Sanchis winner of the 2008 Martínez-Márquez Award.

The National Association of Hispanic Journalists have selected “War in the Honduran forests/Guerra en los bosques de Honduras” by Eva Sanchis, of El Diario/La Prensa, as the winner of the 2008 Martínez-Márquez Award for Latin American Reporting.

In a series of three articles, Sanchis profiles the clandestine logging that is destroying environmentally protected pine and hardwood forests in eastern Honduras, and the life and death struggles of hundreds of peasants and indigenous people who stood up to logging interests, corrupt government officials, and narco-traffickers in order to save their homes, woods and livelihoods.

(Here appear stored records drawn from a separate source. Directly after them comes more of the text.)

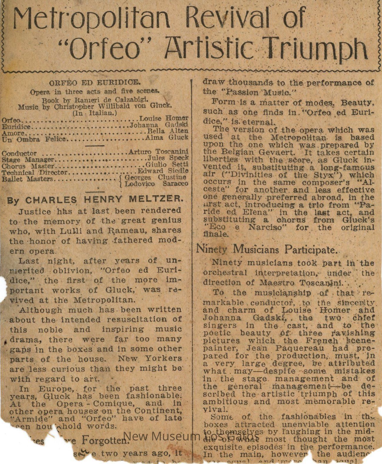 A small newspaper clipping with a review of "Orfeo ed Euridice" presented by the Metropolitan Opera House in New York City. The clipping is undated and unattributed.Collection
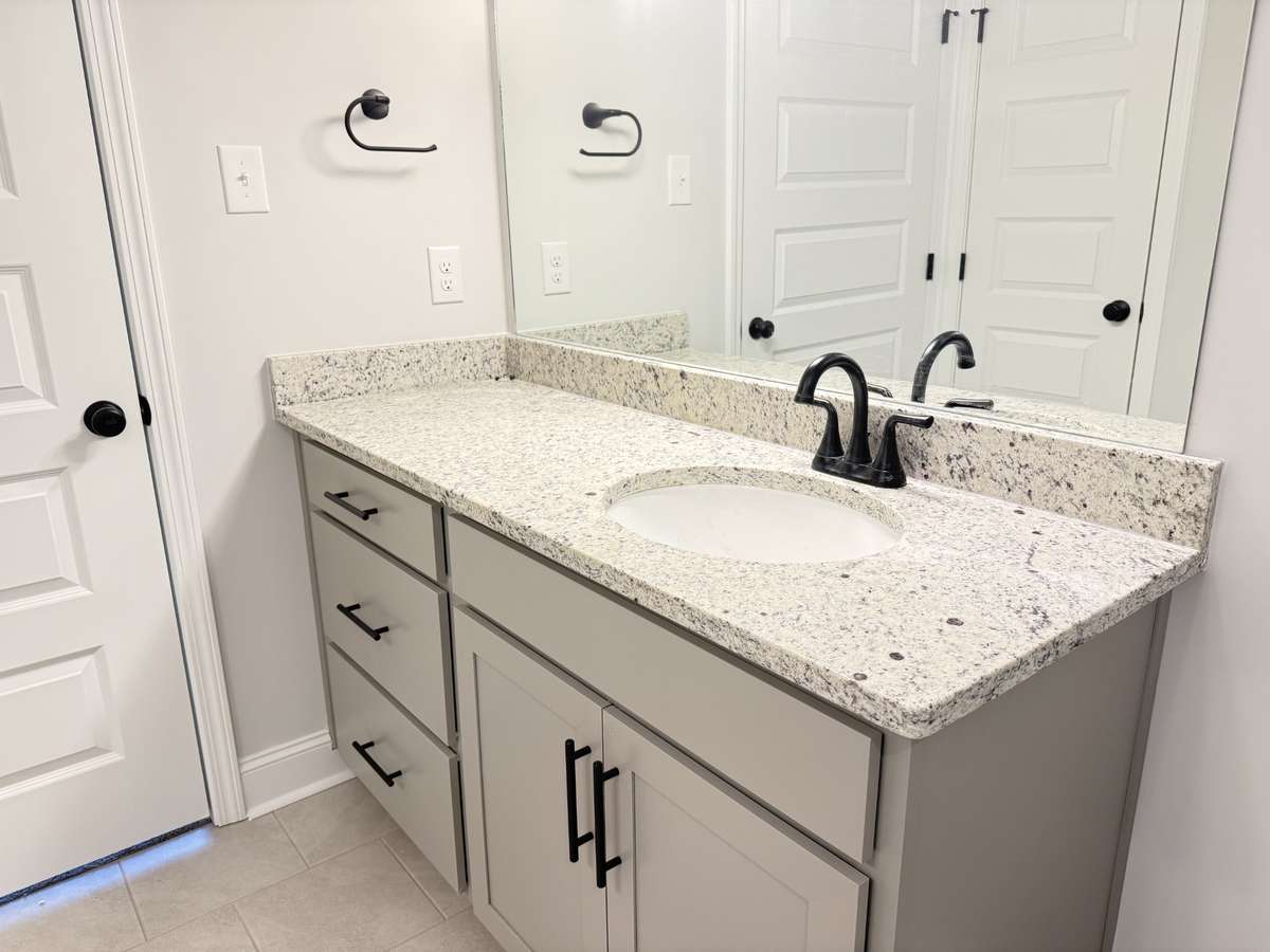 The primary suite is located on the main level and features a well- designed bathroom with dual vanities, a linen closet, and a walk- in closet. Upstairs are two secondary bedrooms, a full bath, and a generous walk- in storage closet, along with attic access. Bedroom 2 is oversized ideal for guests, a home office, or a multipurpose flex space. This plan delivers a comfortable, low- maintenance layout with plenty of storage and separation between living spaces, perfect for a variety of lifestyles.
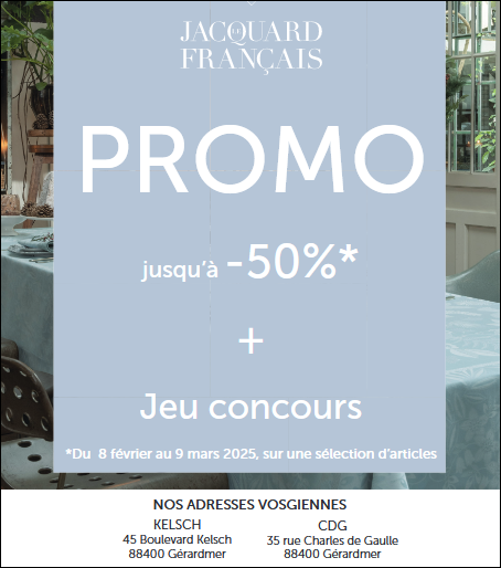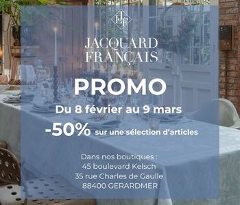 Jusqu’au 9 mars 2025, profitez de réductions exceptionnelles jusqu’à -50% sur une sélection de linge de table, de cuisine, de bain et la décoration, dans nos deux magasins d’usine de Gérardmer.
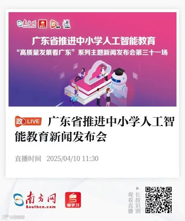 广东省委教育工委书记,省教育厅党组书记、厅长林如鹏表示,“2+1”方案在全国率先提出中小学师生人工智能素养框架,尤其是《广东省中小学教师人工智能素养框架(试行)》(简称《教师素养框架》),从意识理念、技术能力、教育应用、专业发展以及社会责任五大维度分别回答了智能时代教师的职业使命、必备能力与责任担当,为广东中小学教师系统提升人工智能素养提供了指引。
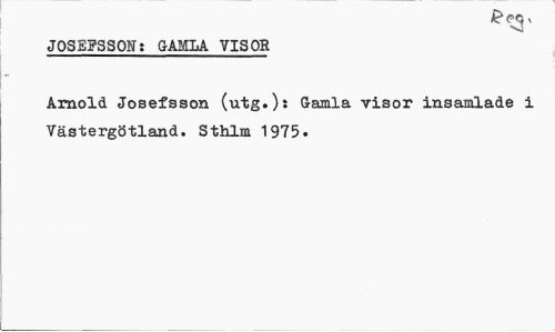 //// JOSEFSSON: GAMLA VISOR //// Arnold Josefsson (utg.): Gamla visor insamlade i Västergötland. Sthim 1975. ////
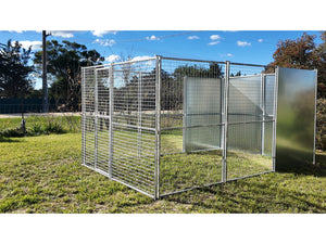 Single Bay 2.5m x 3.75m x 1.85m Dog/Chicken Run with 50mmx50mmx3mm mesh and solid panels
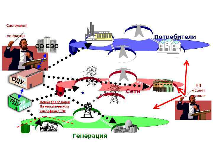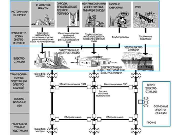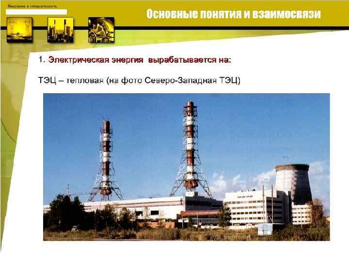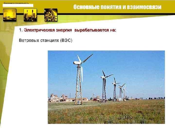 Типы электростанций • Тепловые (ТЭС), которые делятся на теплоэлетроцентрали - ТЭЦ, конденсационные – КЭС (крупные КЭС исторически получили название государственных районных электростанций - ГРЭС); • Атомные электростанции (АЭС); • Гидроэлектростанции (ГЭС) и гидроаккумулирующие электростанции (ГАЭС); • Дизельные электростанции (ДЭС); • Солнечные электростанции (СЭС); • Геотермальные электростанции (Гео. ТЭС); • Приливные электростанции (ПЭС); • Ветроэлектростанции (ВЭ);

After winning a fellowship to the International Reporting Project at Johns Hopkins University to prepare this project, Sanchis spent almost two months traveling through Honduras to document the bloodshed, violence and corruption associated with illegal logging. Once in the United States, she reunited with some of these peasants who were forced to go into exile escaping from this violence. According to the judges…“this impressive package on such a critical issue facing Honduras was well-researched, with striking photography and strong graphics. The U.S. mainstream press has long ignored the plight of murdered Honduran environmentalists who died fighting to stop the illegal lumber trade.”

“The ‘War in the Honduran forests/Guerra en los bosques de Honduras’ by Eva Sanchis is a sterling example of a new global journalism that reflects the challenges and opportunities of a globalized world. It draws a straight line between violence against peasants in a poor, rural corner of Honduras and the forest of McMansions that dot our suburbs,” says Alberto Vourvoulias-Bush, Executive Editor of El Diario/La Prensa. “We could not be more proud of Eva and her work.”

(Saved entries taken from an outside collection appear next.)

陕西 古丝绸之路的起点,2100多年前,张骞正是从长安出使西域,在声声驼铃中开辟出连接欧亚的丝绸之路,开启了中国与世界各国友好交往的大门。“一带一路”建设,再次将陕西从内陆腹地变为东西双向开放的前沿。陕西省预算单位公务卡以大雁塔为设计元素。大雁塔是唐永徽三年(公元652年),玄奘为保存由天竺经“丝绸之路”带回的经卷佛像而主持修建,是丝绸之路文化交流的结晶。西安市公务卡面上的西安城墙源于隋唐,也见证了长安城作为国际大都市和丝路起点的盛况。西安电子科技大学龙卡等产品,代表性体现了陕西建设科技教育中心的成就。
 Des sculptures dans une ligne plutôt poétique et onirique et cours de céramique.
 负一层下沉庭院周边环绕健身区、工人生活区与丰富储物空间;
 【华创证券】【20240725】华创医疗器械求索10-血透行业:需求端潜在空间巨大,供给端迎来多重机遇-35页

“I am grateful to the National Association of Hispanic Journalists for recognizing the importance of this project. I hope that this draws needed attention to the poverty and the violence inflicted on peasant and indigenous communities of Honduras as a result of illegal logging –a traffic that can be stopped though more effective regulation of wood imports into the United States and a greater awareness on the part of consumers” says Eva Sanchis, Metro Editor of El Diario/La Prensa.